Heroku
New Relic
| Feature | ||
|---|---|---|
| Pricing | From $5/mo | Free / from $0.3/mo |
| Free Plan | ✗ No | ✓ Yes |
| Rating | 4 / 5 | 4.3 / 5 |
| Best For | startups, prototyping, small-teams, ruby-python-node-developers | development-teams, sre-teams, startups, devops-engineers |
| Founded | 2007 | 2008 |
| Git Deploy | ✓ | ✗ |
| Managed Postgres | ✓ | ✗ |
| Managed Redis | ✓ | ✗ |
| Add Ons | ✓ | ✗ |
| Review Apps | ✓ | ✗ |
| Pipelines | ✓ | ✗ |
| Auto Scaling | ✓ | ✗ |
| Apm | ✗ | ✓ |
| Infrastructure Monitoring | ✗ | ✓ |
| Log Management | ✗ | ✓ |
| Browser Monitoring | ✗ | ✓ |
| Synthetics | ✗ | ✓ |
| Ai Assistant | ✗ | ✓ |
| Distributed Tracing | ✗ | ✓ |
| Error Tracking | ✗ | ✓ |
✓ Heroku Pros
- Simplest deployment experience (git push to deploy)
- Extensive add-on marketplace for databases and services
- Great for prototyping and MVPs
- Managed Postgres and Redis included
✗ Heroku Cons
- Removed free tier in 2022
- Expensive for production workloads at scale
- Limited infrastructure customization
✓ New Relic Pros
- Generous free tier with 100GB/month data ingest
- Full-stack observability in one platform
- Usage-based pricing is cost-effective for many teams
- Strong AI assistant (New Relic AI) for troubleshooting
✗ New Relic Cons
- Per-user pricing for full platform access
- Data retention limits on free tier
- Can be complex to set up comprehensively
The Verdict
Heroku is built for startups and prototyping, with a focus on git-deploy and managed-postgres. New Relic targets development teams and sre teams and leads with apm and infrastructure-monitoring.
Pricing is close: New Relic starts at $0.3/mo versus $5/mo for Heroku — not a deciding factor on its own.
New Relic has a free plan, which gives it a meaningful edge for individuals and small teams exploring their options. Heroku requires a paid subscription from day one.
Feature-wise, New Relic offers broader built-in capabilities (8 features vs 7), while Heroku takes a more focused approach — which can mean a simpler, faster onboarding experience.

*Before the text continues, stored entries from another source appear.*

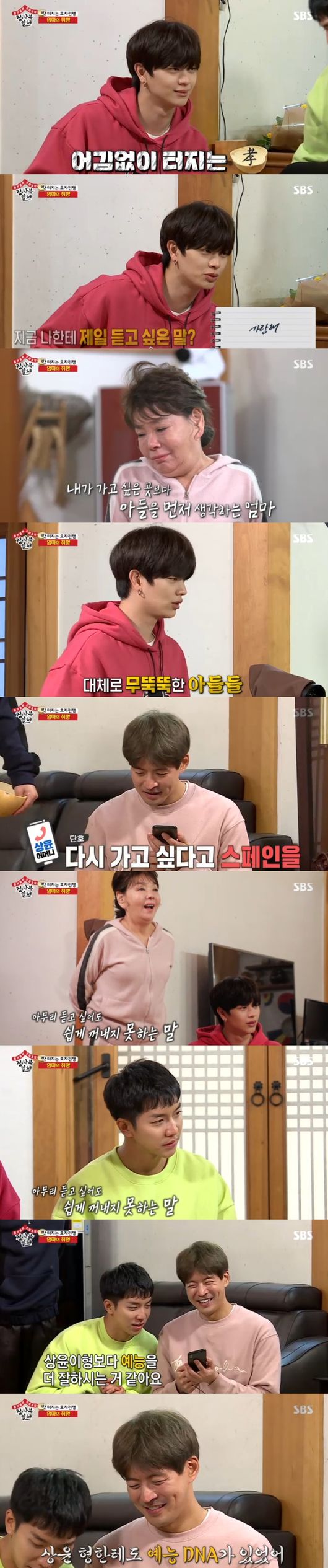 다음은 상윤이 시작했다. 마지막 질문에 대해 역시 이상윤도 '사랑해'를 예상했으나, 母는 "너가 결혼한다는 말 듣고 싶다"고 말해 웃음을 안겼다. 전화를 바꾼 승기는 "어머니가 더 예능감이 있으시다"고 말했고 결국 이상윤이 벌칙에 당첨되며 불을 지피게 됐다. 가까스로 불효자를 면한 성재도 웃음 지었다. 母의 취향을 알아가기 위한, 박터지는 효자전쟁이었지만, 母에 대한 사랑을 다시금 깨닫는 시간이었다. /ssu0818@osen.co.kr
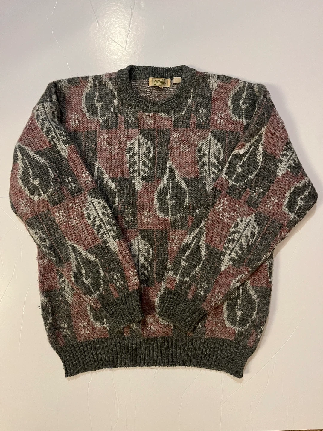 Get there by crocodile sweater with a cool leaf and geometric pattern. It's a size medium and features a crew neck. This cozy knit is great for cooler weather!
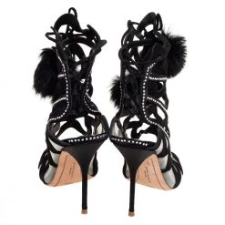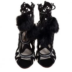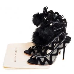 Sophia Webster presents to you these black sandals that will envelop your feet in style. They have been crafted from suede and mesh into an open-toe cage-like silhouette with fur tie-up fastenings at the back. They are equipped with comfortable insoles and elevated on 10 cm stiletto heels.
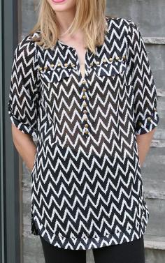 Angie Apparel Black & White Chevron Stud Top
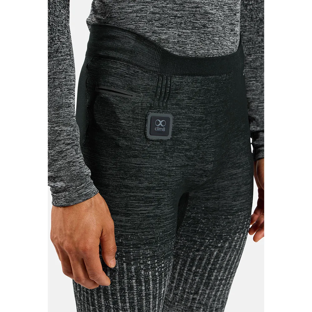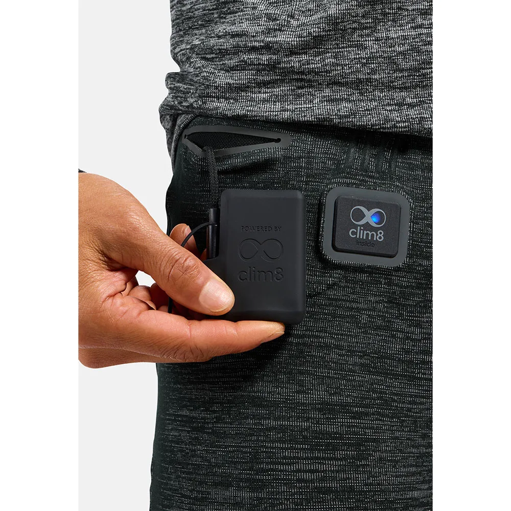 De I-Thermic X-Warm basislaag tights van Odlo hebben een geïntegreerd verwarmingssysteem dat je via je smartphone bedient.

Both tools are a solid fit for startups — in those cases, the decision often comes down to workflow style and how your team prefers to organize work.
Bottom line: New Relic has a slight overall edge — but if simplest deployment experience (git push to deploy) matters most to you, Heroku may still be the right call.